What the exercise asks
Take the listing below and print exactly the lines starting at the line containing "探索星座的奥秘,了解每日、每" and ending at the line containing "Los estudiantes de", both ends included, and no others.

Given data
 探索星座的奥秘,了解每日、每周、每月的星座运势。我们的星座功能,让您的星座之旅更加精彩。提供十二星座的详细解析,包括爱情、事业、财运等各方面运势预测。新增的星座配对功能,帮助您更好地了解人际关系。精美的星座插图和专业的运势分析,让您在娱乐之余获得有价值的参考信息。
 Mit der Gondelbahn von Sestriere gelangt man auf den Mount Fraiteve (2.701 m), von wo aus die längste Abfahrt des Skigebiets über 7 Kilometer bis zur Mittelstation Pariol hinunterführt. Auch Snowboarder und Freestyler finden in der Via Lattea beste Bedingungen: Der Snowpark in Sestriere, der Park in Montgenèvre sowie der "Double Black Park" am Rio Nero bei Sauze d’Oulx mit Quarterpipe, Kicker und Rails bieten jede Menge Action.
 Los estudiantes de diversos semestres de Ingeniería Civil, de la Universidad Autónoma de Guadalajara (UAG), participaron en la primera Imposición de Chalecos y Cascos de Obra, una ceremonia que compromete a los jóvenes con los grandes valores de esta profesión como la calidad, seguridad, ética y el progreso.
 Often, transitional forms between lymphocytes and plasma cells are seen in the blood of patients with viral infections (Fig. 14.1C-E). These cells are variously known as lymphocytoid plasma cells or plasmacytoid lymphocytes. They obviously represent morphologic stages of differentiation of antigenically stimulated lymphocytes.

==

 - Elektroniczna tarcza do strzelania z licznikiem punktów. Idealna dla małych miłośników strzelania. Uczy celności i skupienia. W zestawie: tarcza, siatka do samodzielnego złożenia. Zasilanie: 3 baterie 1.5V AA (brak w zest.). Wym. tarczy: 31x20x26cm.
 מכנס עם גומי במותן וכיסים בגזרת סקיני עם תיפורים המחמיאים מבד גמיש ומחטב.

* * *

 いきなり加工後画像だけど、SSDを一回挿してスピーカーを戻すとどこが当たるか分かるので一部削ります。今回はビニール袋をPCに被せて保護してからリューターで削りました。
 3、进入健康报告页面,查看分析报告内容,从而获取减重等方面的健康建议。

Response area
 探索星座的奥秘,了解每日、每周、每月的星座运势。我们的星座功能,让您的星座之旅更加精彩。提供十二星座的详细解析,包括爱情、事业、财运等各方面运势预测。新增的星座配对功能,帮助您更好地了解人际关系。精美的星座插图和专业的运势分析,让您在娱乐之余获得有价值的参考信息。
 Mit der Gondelbahn von Sestriere gelangt man auf den Mount Fraiteve (2.701 m), von wo aus die längste Abfahrt des Skigebiets über 7 Kilometer bis zur Mittelstation Pariol hinunterführt. Auch Snowboarder und Freestyler finden in der Via Lattea beste Bedingungen: Der Snowpark in Sestriere, der Park in Montgenèvre sowie der "Double Black Park" am Rio Nero bei Sauze d’Oulx mit Quarterpipe, Kicker und Rails bieten jede Menge Action.
 Los estudiantes de diversos semestres de Ingeniería Civil, de la Universidad Autónoma de Guadalajara (UAG), participaron en la primera Imposición de Chalecos y Cascos de Obra, una ceremonia que compromete a los jóvenes con los grandes valores de esta profesión como la calidad, seguridad, ética y el progreso.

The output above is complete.